Try it → Where a line of the material contains the string "pure", copy that line.

### Records for the exercise

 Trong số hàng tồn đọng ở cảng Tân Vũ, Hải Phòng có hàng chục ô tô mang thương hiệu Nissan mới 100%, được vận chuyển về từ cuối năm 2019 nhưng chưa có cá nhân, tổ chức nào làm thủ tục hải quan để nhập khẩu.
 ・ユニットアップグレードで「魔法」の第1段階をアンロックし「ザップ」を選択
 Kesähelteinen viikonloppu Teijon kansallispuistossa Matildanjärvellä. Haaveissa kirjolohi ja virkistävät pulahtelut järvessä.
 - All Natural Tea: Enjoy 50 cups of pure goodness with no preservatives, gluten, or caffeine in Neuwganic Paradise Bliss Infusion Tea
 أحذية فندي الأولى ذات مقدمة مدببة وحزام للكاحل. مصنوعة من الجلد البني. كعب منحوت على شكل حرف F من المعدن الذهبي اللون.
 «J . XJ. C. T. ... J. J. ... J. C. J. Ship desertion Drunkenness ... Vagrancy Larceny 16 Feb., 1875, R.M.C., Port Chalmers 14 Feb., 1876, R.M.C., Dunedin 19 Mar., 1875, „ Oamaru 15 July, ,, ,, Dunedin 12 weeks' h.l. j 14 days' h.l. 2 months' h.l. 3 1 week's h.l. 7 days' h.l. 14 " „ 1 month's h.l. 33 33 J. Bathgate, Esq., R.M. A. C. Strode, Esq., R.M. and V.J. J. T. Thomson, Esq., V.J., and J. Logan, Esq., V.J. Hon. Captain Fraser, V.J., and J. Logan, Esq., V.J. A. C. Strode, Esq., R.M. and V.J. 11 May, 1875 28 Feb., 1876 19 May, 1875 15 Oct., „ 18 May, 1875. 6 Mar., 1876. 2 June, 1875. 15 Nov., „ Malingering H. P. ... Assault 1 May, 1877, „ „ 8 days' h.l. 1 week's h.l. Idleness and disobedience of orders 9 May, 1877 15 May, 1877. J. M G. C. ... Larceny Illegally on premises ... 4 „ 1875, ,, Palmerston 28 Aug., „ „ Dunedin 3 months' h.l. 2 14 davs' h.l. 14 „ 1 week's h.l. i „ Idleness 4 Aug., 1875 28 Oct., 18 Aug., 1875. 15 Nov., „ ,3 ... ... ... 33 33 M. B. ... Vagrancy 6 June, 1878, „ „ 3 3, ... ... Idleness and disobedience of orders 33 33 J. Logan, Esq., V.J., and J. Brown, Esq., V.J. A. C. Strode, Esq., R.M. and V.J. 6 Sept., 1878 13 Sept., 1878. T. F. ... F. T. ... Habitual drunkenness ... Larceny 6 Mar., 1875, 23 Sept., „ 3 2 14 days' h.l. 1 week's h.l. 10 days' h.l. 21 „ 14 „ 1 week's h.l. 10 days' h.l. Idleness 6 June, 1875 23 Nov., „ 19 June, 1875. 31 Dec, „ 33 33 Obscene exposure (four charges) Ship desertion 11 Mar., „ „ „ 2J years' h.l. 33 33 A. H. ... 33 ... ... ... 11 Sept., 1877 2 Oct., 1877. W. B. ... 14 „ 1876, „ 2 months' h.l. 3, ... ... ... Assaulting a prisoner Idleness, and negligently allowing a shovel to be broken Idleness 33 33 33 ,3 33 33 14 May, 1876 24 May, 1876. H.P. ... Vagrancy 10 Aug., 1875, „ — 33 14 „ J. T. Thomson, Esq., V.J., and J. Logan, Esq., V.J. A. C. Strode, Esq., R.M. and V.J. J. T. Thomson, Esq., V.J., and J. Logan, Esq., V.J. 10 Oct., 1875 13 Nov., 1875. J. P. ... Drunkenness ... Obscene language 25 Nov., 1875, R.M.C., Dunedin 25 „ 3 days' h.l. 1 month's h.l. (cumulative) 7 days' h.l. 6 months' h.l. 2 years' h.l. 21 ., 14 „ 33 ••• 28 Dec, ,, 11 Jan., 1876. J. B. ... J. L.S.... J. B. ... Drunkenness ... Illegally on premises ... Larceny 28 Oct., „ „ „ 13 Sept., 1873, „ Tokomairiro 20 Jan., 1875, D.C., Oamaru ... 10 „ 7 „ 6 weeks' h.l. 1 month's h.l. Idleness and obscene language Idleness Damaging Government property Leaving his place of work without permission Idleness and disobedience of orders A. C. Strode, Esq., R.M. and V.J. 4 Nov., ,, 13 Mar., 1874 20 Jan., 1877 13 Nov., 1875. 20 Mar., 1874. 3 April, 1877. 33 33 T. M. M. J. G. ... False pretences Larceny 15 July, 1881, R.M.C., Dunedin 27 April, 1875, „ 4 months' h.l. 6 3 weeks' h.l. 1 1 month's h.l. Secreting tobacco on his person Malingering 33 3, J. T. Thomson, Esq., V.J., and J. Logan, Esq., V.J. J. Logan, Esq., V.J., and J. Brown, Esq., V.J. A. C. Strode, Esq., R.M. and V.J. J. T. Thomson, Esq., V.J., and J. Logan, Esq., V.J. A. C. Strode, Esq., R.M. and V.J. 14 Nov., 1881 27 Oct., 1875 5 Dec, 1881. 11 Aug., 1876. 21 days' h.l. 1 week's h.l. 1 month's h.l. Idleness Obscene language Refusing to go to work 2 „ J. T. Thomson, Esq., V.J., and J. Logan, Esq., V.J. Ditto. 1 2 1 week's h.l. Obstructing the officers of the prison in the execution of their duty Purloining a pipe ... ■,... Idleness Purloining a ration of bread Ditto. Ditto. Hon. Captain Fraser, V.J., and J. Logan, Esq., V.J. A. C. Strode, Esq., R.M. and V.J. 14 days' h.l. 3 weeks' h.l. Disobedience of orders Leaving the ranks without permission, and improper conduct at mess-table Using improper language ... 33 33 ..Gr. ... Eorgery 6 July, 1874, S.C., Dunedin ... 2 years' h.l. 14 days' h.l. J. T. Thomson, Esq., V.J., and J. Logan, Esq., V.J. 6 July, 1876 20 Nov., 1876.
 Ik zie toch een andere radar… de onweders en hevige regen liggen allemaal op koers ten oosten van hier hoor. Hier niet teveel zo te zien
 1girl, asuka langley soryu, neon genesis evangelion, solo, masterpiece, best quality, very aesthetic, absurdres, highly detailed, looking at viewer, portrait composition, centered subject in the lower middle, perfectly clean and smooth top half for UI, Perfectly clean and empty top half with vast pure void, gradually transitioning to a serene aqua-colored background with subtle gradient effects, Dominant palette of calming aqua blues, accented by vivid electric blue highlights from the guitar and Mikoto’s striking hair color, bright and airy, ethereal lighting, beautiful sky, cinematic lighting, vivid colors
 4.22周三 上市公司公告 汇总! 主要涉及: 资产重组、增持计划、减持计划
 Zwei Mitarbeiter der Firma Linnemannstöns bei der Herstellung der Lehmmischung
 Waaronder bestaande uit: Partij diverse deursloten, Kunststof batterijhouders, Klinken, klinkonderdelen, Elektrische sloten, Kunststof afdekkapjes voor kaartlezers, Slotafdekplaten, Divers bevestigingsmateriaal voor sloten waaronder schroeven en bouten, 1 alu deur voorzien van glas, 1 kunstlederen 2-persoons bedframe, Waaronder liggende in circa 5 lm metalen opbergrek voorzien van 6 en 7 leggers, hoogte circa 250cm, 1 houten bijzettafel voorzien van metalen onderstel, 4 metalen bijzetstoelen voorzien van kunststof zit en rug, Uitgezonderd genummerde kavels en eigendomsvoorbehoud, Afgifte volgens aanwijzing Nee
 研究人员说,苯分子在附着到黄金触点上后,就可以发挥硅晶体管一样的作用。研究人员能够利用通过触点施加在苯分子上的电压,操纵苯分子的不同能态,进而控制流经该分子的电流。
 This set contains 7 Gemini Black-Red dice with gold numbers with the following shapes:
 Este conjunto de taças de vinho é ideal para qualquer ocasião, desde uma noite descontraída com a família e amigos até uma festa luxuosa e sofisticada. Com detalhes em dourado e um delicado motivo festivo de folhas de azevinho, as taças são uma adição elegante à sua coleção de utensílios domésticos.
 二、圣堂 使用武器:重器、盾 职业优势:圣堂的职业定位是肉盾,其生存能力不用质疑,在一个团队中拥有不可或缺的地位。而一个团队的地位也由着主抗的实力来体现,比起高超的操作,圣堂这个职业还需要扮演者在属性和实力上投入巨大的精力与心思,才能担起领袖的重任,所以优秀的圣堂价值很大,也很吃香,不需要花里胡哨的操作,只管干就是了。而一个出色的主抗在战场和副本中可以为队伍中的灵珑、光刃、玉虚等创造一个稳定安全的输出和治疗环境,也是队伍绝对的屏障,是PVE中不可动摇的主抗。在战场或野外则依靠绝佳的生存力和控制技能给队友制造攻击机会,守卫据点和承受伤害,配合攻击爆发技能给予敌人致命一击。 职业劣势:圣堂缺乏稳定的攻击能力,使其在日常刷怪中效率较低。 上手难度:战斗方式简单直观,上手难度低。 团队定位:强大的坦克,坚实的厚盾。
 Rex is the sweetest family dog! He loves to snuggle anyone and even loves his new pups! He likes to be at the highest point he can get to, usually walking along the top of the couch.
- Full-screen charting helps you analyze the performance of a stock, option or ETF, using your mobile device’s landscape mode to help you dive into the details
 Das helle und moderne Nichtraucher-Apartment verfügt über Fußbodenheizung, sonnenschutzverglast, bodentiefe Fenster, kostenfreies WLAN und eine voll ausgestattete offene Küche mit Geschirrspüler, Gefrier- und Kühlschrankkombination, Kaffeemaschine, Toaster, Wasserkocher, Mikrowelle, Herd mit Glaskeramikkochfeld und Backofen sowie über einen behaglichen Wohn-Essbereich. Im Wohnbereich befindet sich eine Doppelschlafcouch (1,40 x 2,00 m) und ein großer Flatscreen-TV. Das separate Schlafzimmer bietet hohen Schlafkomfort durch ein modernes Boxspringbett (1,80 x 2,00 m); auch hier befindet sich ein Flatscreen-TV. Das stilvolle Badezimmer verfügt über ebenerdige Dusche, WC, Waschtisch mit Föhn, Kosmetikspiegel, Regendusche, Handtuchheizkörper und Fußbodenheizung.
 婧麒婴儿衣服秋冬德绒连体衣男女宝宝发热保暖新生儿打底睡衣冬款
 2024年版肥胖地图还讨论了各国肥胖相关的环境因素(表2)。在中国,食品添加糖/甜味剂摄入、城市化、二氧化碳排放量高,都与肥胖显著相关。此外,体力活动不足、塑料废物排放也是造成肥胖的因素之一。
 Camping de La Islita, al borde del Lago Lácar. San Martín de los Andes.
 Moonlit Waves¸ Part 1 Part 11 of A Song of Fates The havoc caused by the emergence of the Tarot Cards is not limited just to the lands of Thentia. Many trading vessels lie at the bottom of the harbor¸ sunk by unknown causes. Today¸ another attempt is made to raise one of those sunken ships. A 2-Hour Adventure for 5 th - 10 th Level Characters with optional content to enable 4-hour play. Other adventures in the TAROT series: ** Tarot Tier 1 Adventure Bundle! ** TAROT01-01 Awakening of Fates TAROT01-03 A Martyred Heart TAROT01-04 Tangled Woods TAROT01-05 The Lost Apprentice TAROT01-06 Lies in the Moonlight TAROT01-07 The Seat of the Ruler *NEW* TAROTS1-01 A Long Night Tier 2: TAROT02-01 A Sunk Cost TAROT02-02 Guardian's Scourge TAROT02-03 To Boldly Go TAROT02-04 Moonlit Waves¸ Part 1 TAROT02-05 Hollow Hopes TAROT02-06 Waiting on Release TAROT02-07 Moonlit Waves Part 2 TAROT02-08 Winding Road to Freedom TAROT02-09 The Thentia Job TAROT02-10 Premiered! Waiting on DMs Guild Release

######

Answer to this problem →
 - All Natural Tea: Enjoy 50 cups of pure goodness with no preservatives, gluten, or caffeine in Neuwganic Paradise Bliss Infusion Tea
 1girl, asuka langley soryu, neon genesis evangelion, solo, masterpiece, best quality, very aesthetic, absurdres, highly detailed, looking at viewer, portrait composition, centered subject in the lower middle, perfectly clean and smooth top half for UI, Perfectly clean and empty top half with vast pure void, gradually transitioning to a serene aqua-colored background with subtle gradient effects, Dominant palette of calming aqua blues, accented by vivid electric blue highlights from the guitar and Mikoto’s striking hair color, bright and airy, ethereal lighting, beautiful sky, cinematic lighting, vivid colors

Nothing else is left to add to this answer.